→ YOUR INSTRUCTIONS: Output every entry below word for word, without its pictures.

*** DATA RECORDS ***

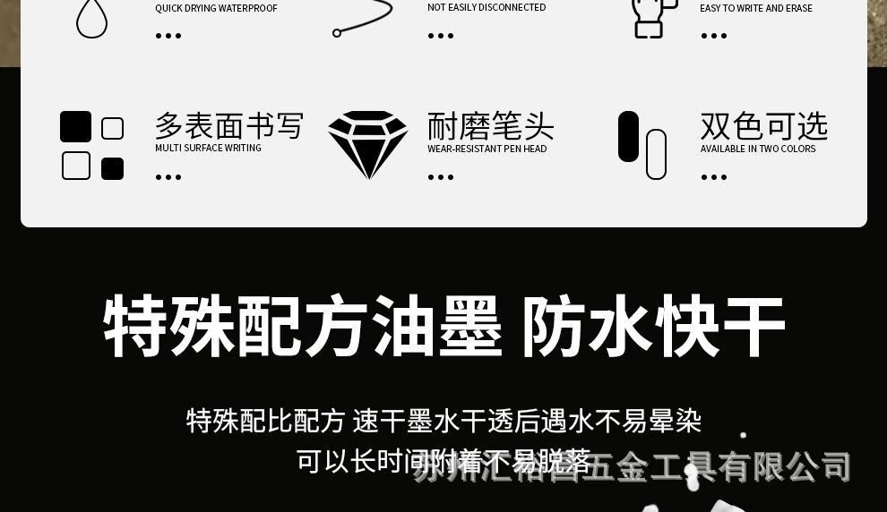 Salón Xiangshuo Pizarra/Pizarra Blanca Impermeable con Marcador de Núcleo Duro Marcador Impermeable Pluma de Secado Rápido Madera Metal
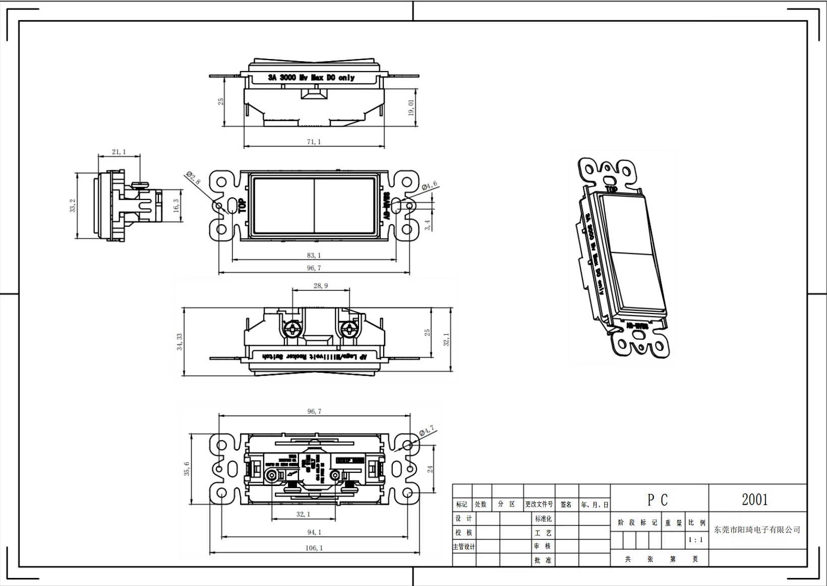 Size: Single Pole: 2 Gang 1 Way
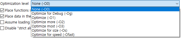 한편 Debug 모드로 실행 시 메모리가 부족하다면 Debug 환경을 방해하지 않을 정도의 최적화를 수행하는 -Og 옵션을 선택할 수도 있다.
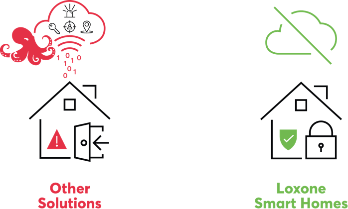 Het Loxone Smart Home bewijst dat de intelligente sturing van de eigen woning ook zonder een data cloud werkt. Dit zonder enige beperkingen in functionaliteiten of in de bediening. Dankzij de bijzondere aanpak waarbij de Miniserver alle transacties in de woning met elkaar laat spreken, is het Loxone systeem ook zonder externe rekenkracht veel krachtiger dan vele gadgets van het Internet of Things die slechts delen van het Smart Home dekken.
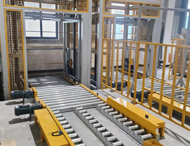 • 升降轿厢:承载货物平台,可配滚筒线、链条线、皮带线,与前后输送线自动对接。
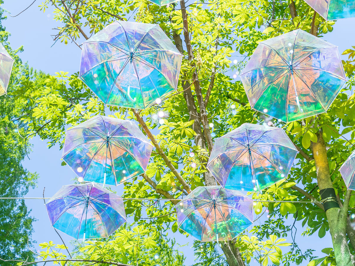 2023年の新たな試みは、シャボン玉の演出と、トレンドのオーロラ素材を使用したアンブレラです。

*** End of DATA RECORDS ***

→ YOUR RESPONSE:
 Salón Xiangshuo Pizarra/Pizarra Blanca Impermeable con Marcador de Núcleo Duro Marcador Impermeable Pluma de Secado Rápido Madera Metal
 Size: Single Pole: 2 Gang 1 Way
 한편 Debug 모드로 실행 시 메모리가 부족하다면 Debug 환경을 방해하지 않을 정도의 최적화를 수행하는 -Og 옵션을 선택할 수도 있다.
 Het Loxone Smart Home bewijst dat de intelligente sturing van de eigen woning ook zonder een data cloud werkt. Dit zonder enige beperkingen in functionaliteiten of in de bediening. Dankzij de bijzondere aanpak waarbij de Miniserver alle transacties in de woning met elkaar laat spreken, is het Loxone systeem ook zonder externe rekenkracht veel krachtiger dan vele gadgets van het Internet of Things die slechts delen van het Smart Home dekken.
 • 升降轿厢:承载货物平台,可配滚筒线、链条线、皮带线,与前后输送线自动对接。
 2023年の新たな試みは、シャボン玉の演出と、トレンドのオーロラ素材を使用したアンブレラです。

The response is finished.